Inside the House, an hour or so after the small crowd had discovered better things to do with their morning, the elected honorable gentlemen and ladies—our ostensible alter egos—solemnly prayed to the Almighty God; observed minutes of fidgety silence in deference to recently expired colleagues; got down to business as usual, by which I mean to say, customary monkey business: heckling one another like caged hyenas; carrying on as if the Speaker’s chair were unoccupied; naked demonstrations of egregious etiquette; slanderous declarations tossed across the table . . . almost none of it remotely relatable to the day’s debate—comme d’habitude!
And then it was the turn of Mr. Alva Baptiste. In the time of the last Kenny Anthony administration he had been the minister of foreign affairs. His contributions to House debates always attracted public attention, if for diverse reasons. Referencing his oratorical skills, I once had compared him favorably with George Odlum. It was not to be the first time I proved fallible. Shortly before the 2016 general elections he announced (admittedly with that certain glint in his eye that said more than his words ever could) that “Allen Chastanet will become prime minister of Saint Lucia over my dead body!”

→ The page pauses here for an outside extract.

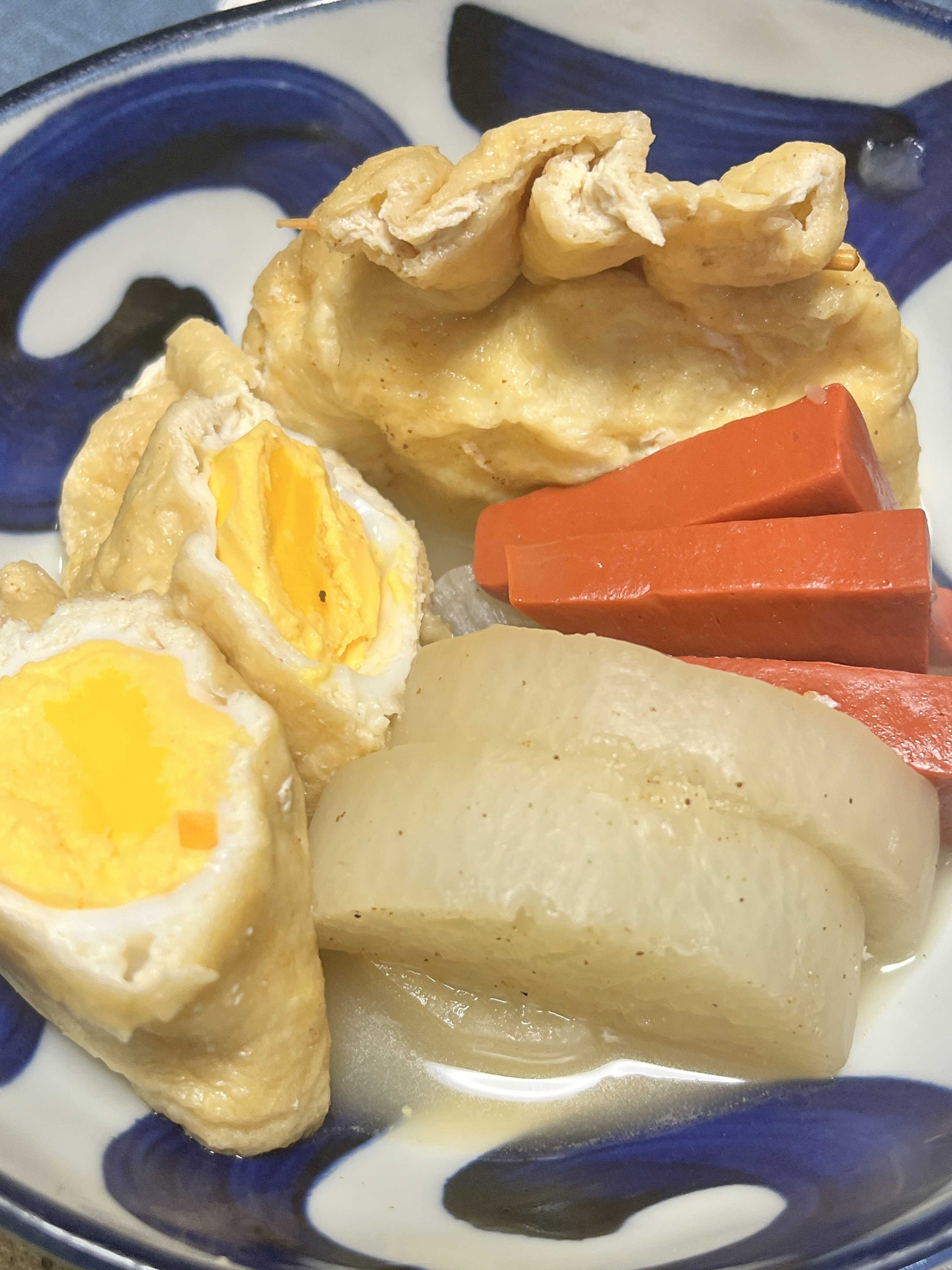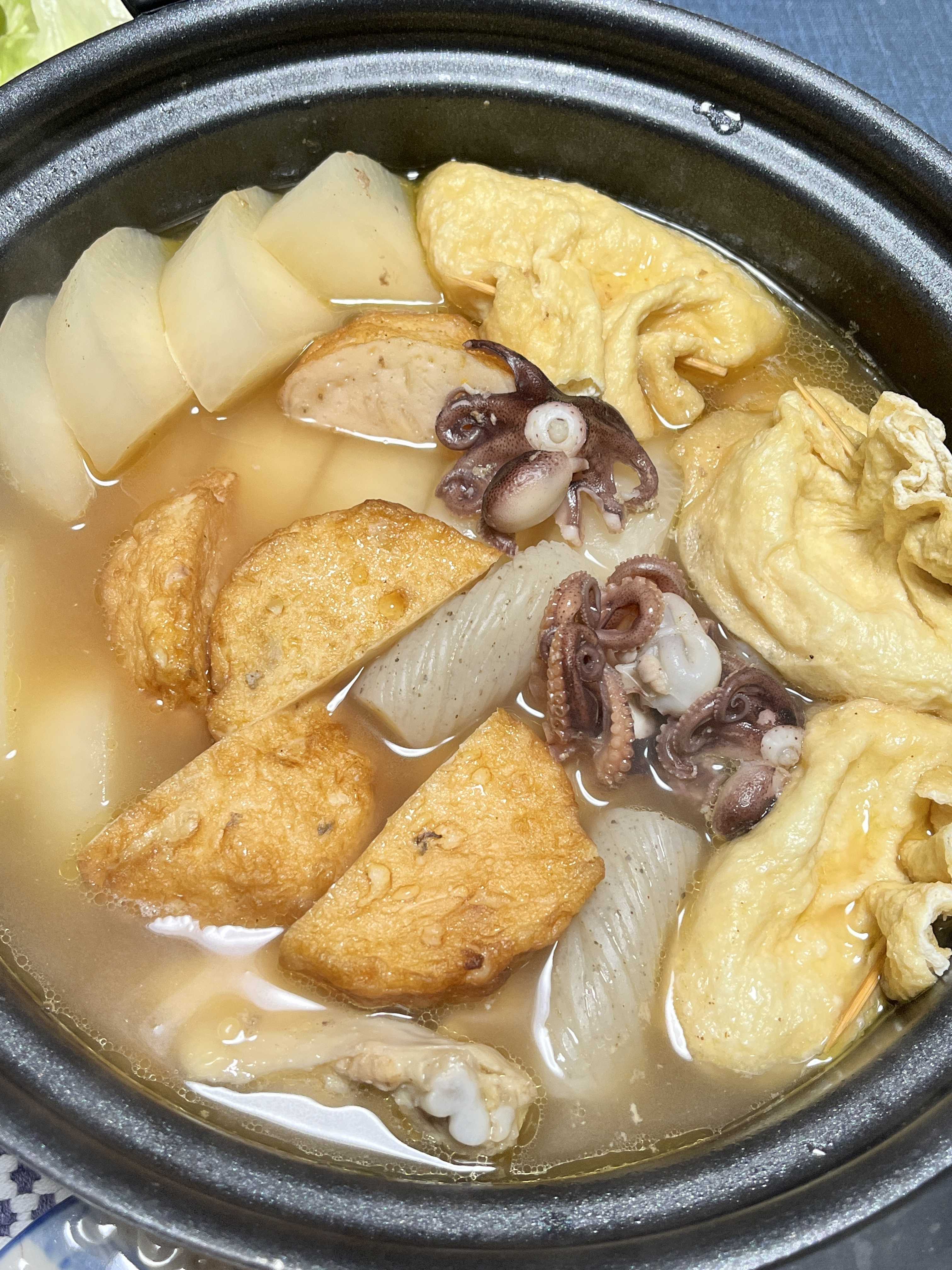 なんか急に寒くなりましたね〜😨で、おでんが食べたくなります♪手羽元と昆布で出汁をとって大根、蒟蒻、さつま揚げ、お袋煮今日の具材はそれだけです😅冷凍してあったイイダコを少し入れてみました😆生姜🫚をつけていただきます温まるし美味しいですよ〜🥰山芋のグラタンもアッツアツで美味しい〜すりおろした山芋に刻み葱と出汁、なめ茸、チーズを加えてグリルで焼きますなぜか日本酒にも合う👍ハマチもコリコリして美味しいです✌️ラディシュはご近所農家さんからいただきましたメチャクチャ新鮮でシャッキシャキ😆 いよいよ食欲の秋が始まりますね♪晩御飯イイダコ入りおでん山芋グラタン愛媛産天然ハマチのお造りラディッシュとレタスのサラダキムチ枝豆青森産黒にんにく香川県産ひやおろし国重 お寄りいただけたら幸いですm(__)m今日の晩ごはん#おうちごはん#晩ごはん#晩酌#旬#旬の食材#旬の野菜#おいしい#美味い

The line earned him much flak from the expected quarters but I couldn’t help wondering whether Baptiste was understood as he hoped to be understood. Did he mean to say the United Workers Party leader would achieve his goal only after Baptiste was deceased? Or did the Laborie representative suggest there was no limit to what he would do to deny Chastanet his dream?
Not much later, a telling smile accompanying that earlier mentioned sly mongoose look in his eye, this was how Baptiste accounted for his entertainment allowance. “People talk but they don’t realize alcohol is the lubricant of diplomatic intercourse!” While the Speaker kept her St. Theresa eyes focused on some papers on her desk, the Laborie MP’s worldlier enablers whooped and hollered in vociferous acknowledgement of his wit.
On his last outing he returned to his favorite weapons of mass distraction: words—both long and short. In the process of painting an unflattering picture of the man who had made it into the prime minister’s chair two years ago without loss of a fingernail, let alone life, the soi-disant president of an imagined Laborie said: “They could not advance anything to substantiate what they were saying. Can you imagine, in the process of coming into office, they have called us neegahs, they have called us dogs, they have called us terrorists . . .”
Earlier Speakers might quickly have interrupted the MP on at least two counts: 1) Uttering on near sacred ground the raw and deeply offensive version of the N-word; 2) introducing demeaning hearsay to a debate among gentlemen and ladies of high honor and integrity. When he did intervene to advise that the MPs not use “such strong words,” the MP for Laborie countered in typical fashion. He insisted the words complained of were not his own, he had simply quoted unidentified representatives of the prime minister’s party. In all events, he observed, “the point has been made.” It would be up to Hansard readers to discover the point he referred to. Following another Speaker intervention, the Laborie representative said he did not wish to appear stubborn and disrespectful and “re-cal-sit-er-ant.” The loudest squeal of appreciation emanated from the European lips of the Vieux Fort south MP, himself famous for his own solecisms, whether or not influenced by lubricants of diplomatic intercourse.
Last month’s House session closed with more promises that the declared election-time “war on the Chastanets” will continue. Hopefully with no dead bodies!